No project description provided

Project description

ASRP: Automatic Speech Recognition Preprocessing Utility

ASRP is a python package that offers a set of tools to preprocess and evaluate ASR (Automatic Speech Recognition) text. The package also provides a speech-to-text transcription tool and a text-to-speech conversion tool. The code is open-source and can be installed using pip.

Key Features

install

pip install asrp

Preprocess

ASRP offers an easy-to-use set of functions to preprocess ASR text data.
The input data is a dictionary with the key 'sentence', and the output is the preprocessed text.
You can either use the fun_en function or use dynamic loading. Here's how to use it:

import asrp

batch_data = {
    'sentence': "I'm fine, thanks."
}
asrp.fun_en(batch_data)

dynamic loading

import asrp

batch_data = {
    'sentence': "I'm fine, thanks."
}
preprocessor = getattr(asrp, 'fun_en')
preprocessor(batch_data)

Evaluation

ASRP provides functions to evaluate the output quality of ASR systems using
the Word Error Rate (WER) and Character Error Rate (CER) metrics.
Here's how to use it:

import asrp

targets = ['HuggingFace is great!', 'Love Transformers!', 'Let\'s wav2vec!']
preds = ['HuggingFace is awesome!', 'Transformers is powerful.', 'Let\'s finetune wav2vec!']
print("chunk size WER: {:2f}".format(100 * asrp.chunked_wer(targets, preds, chunk_size=None)))
print("chunk size CER: {:2f}".format(100 * asrp.chunked_cer(targets, preds, chunk_size=None)))

Speech to Discrete Unit

import asrp
import nlp2

# https://github.com/facebookresearch/fairseq/blob/ust/examples/speech_to_speech/docs/textless_s2st_real_data.md
# https://github.com/facebookresearch/fairseq/tree/main/examples/textless_nlp/gslm/ulm
nlp2.download_file(
    'https://huggingface.co/voidful/mhubert-base/resolve/main/mhubert_base_vp_en_es_fr_it3_L11_km1000.bin', './')
hc = asrp.HubertCode("voidful/mhubert-base", './mhubert_base_vp_en_es_fr_it3_L11_km1000.bin', 11,
                     chunk_sec=30,
                     worker=20)
hc('voice file path')

Discrete Unit to speech

import asrp

code = []  # discrete unit
# https://github.com/pytorch/fairseq/tree/main/examples/textless_nlp/gslm/unit2speech
# https://github.com/facebookresearch/fairseq/blob/ust/examples/speech_to_speech/docs/textless_s2st_real_data.md
cs = asrp.Code2Speech(tts_checkpoint='./tts_checkpoint_best.pt', waveglow_checkpint='waveglow_256channels_new.pt')
cs(code)

# play on notebook
import IPython.display as ipd

ipd.Audio(data=cs(code), autoplay=False, rate=cs.sample_rate)

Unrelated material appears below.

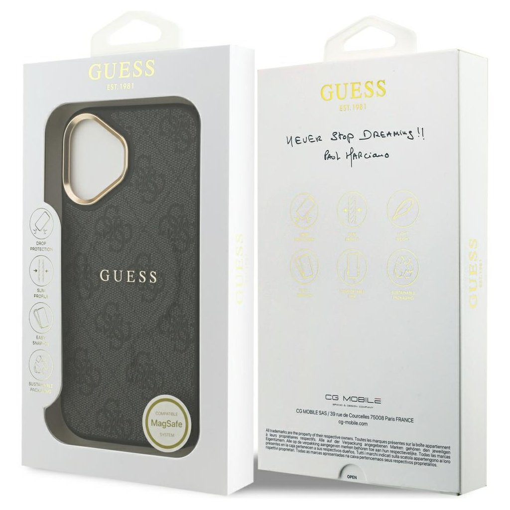 Guess Hardcase 4G Classic MagSafe iPhone 17 čierny Predstavujeme vám exkluzívne ochranné puzdro Guess Hardcase 4G Classic MagSafe, ktoré dokonale spája ikonický módny štýl značky Guess s praktickou ochranou pre váš iPhone 17. Tento elegantný doplnok je navrhnutý tak, aby podčiarkol vašu osobnosť a zároveň poskytol vášmu telefónu sofistikovaný vzhľad. Ikonický štýl značky Guess Guess je celosvetovo preslávená americká módna značka, založená bratmi Marcianovými v roku 1981. Značka sa preslávila svojimi inovatívnymi "stone-washed" džínsami a provokatívnymi čiernobielymi reklamami, ktoré definovali imidž supermodeliek 90. rokov. Guess sa rýchlo stal symbolom mladistvého, sexi a dobrodružného životného štýlu. Ich ikonické logo s otáznikom v trojuholníku je dnes globálne rozpoznateľným znakom luxusu a sebavedomého módneho vkusu. Kryty na mobilné telefóny Guess verne prenášajú túto módnu DNA priamo do vašej ruky, sú navrhnuté ako prémiový a štýlový doplnok, ktorý má dokonale ladiť s vaším outfitom. Dizajn a parametre Puzdro Guess Hardcase 4G Classic MagSafe v čiernej farbe (model GUHMP17SP4MSEGCK) sa pýši sofistikovaným dizajnom. Zadná strana je pokrytá elegantným, opakujúcim sa 4G monogramom, ktorý je pre značku Guess typický. Uprostred zadnej strany je výrazne umiestnené zlaté logo GUESS, ktoré dodáva puzdru punc luxusu. Zlaté detaily sa objavujú aj na rámčeku okolo modulu fotoaparátu a na bočných tlačidlách, čo vytvára pôsobivý kontrast s čiernym podkladom. Puzdro je typu hardcase, čo zaisťuje pevnú a spoľahlivú ochranu proti poškriabaniu a menším nárazom. Integrovaná technológia MagSafe umožňuje jednoduché a bezpečné pripevnenie MagSafe príslušenstva a bezdrôtové nabíjanie. Kľúčové vlastnosti- Typ puzdra: Hardcase

mhubert English hifigan vocoder example

import asrp
import nlp2
import IPython.display as ipd
from transformers import AutoTokenizer, AutoModelForSeq2SeqLM
nlp2.download_file(
    'https://dl.fbaipublicfiles.com/fairseq/speech_to_speech/vocoder/code_hifigan/mhubert_vp_en_es_fr_it3_400k_layer11_km1000_lj/g_00500000',
    './')


tokenizer = AutoTokenizer.from_pretrained("voidful/mhubert-unit-tts")
model = AutoModelForSeq2SeqLM.from_pretrained("voidful/mhubert-unit-tts")
model.eval()
cs = asrp.Code2Speech(tts_checkpoint='./g_00500000', vocoder='hifigan')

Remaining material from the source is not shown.